James Madison Papers

Session of Virginia Council of State, 10 November 1778

Session of Virginia Council of State

MS (Virginia State Library).

Tuesday November 10th 1778.

present
His Excellency;
John Page David Jameson
Dudley Digges James Madison
Thomas Walker And
Nathaniel Harrison Bolling Stark
Esquires.

The Board taking into consideration the perilous Situation of the People of Monongalia County,1 Advised the Governor that orders be given to convey 130 Rifles belonging to the public at Fredericksburg, to that County addressed to the Care of the County Lieutenant2 with Directions to sell them for their value to such of the Inhabitants who from their particular Situation & Circumstances are most in want of Arms & who are most likely to make proper use of them: That he pay to John Pierce DuVall Esquire3 two hundred & forty pounds for transporting the said Arms & one thousand pounds powder out of the money arising from the Sale of the said Arms according to contract entered into with Colonel Gaddis of Monongalia,4 & it was accordingly Ordered by the Governor.
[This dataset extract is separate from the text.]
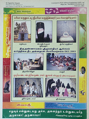 பிப்ரவரி 2004 பௌர்ணமி நாள் : 5.2.2004 வியாழக்கிழமை மதியம் 1.43 மணி முதல் 6.2.2004 வெள்ளிக்கிழமை மதியம் 2.17 மணி வரை திருக்கணிதப் பஞ்சாங்கப்படிப் பௌர்ணமி திதி அமைகிறது. கிரிவல நாள்: 5.2.2004 வியாழக் கிழமை இரவு

Adjourned till tomorrow 10 oClock

Signed  John Page
Dudley Digges
Thos Walker
Nathl Harrison
David Jameson
James Madison
Bolling Stark

1Indian incursions were frequent in Monongalia County during the Revolutionary War. In the summer of 1778, a large body of Indians penetrated to Cobun’s Creek and burned a fort near Morgantown. Another raid later, near Statler’s Fort on the Monongahela River, left eighteen dead (Samuel T. Wiley, History of Monongalia County, West Virginia … [Kingwood, W.Va., 1883], pp. 55–71, passim, esp. pp. 59–62). Immediately following a treaty made at Fort Pitt in September 1778 with the Delaware tribe of Indians, General Lachlan McIntosh led troops through their territory in order to build and garrison Fort McIntosh, thirty miles below Fort Pitt, and Fort Laurens on the Tuscarawas River in hostile Indian country (below, Henry to Laurens, 23 Nov. 1778, n. 7; Max Savelle, George Morgan: Colony Builder [New York, 1932], pp. 157–59).

2The acting county lieutenant of Monongalia was Colonel Daniel McFarland (1731–1817). He was born in Worcester, Mass., spent much of the prime of his life in fighting Indians on the Virginia frontier, and died in Washington County, Pa. (Ross B. Johnston, ed., West Virginians in the American Revolution, p. 189).

3John Pierce DuVall (ca. 1751–1792) was a member of the House of Delegates from Monongalia County between 1777 and 1779, and a state senator from his district between 1780 and 1791. He also served for several years as a state commissary of provisions, as county lieutenant of Monongalia and Harrison counties, successively, and as a trustee of Randolph Academy (Journals of the Council of State, III, 6, 335, 355, 470; Calendar of Virginia State Papers, IV, 177, 410; V, 414; Hening, Statutes description begins William Waller Hening, ed., The Statutes at Large; being a Collection of all the Laws of Virginia, from the First Session of the Legislature, in the Year 1619 (13 vols.; Richmond and Philadelphia, 1819–23). description ends , XII, 639).

4Militia of Monongalia County, led by Colonel Thomas Gaddis (1742–1834), garrisoned Fort Liberty (the present town of West Liberty, Ohio County, W. Va.) during the last four months of 1776, and shared in the McIntosh and William Crawford campaigns against the western Indians in 1778 and 1782, respectively. Gaddis, a resident of Uniontown, lived in a portion of Monongalia County which, in 1784, would be relinquished by Virginia to Pennsylvania and become a part of its Westmoreland County. In 1794, as a distiller, Gaddis participated in the Whiskey Rebellion (Journals of the Council of State, I, 348; John H. Gwathmey, Historical Register of Virginians in the Revolution, p. 293; H. R. McIlwaine, ed., Official Letters of Virginia Governors, I, 109 n.).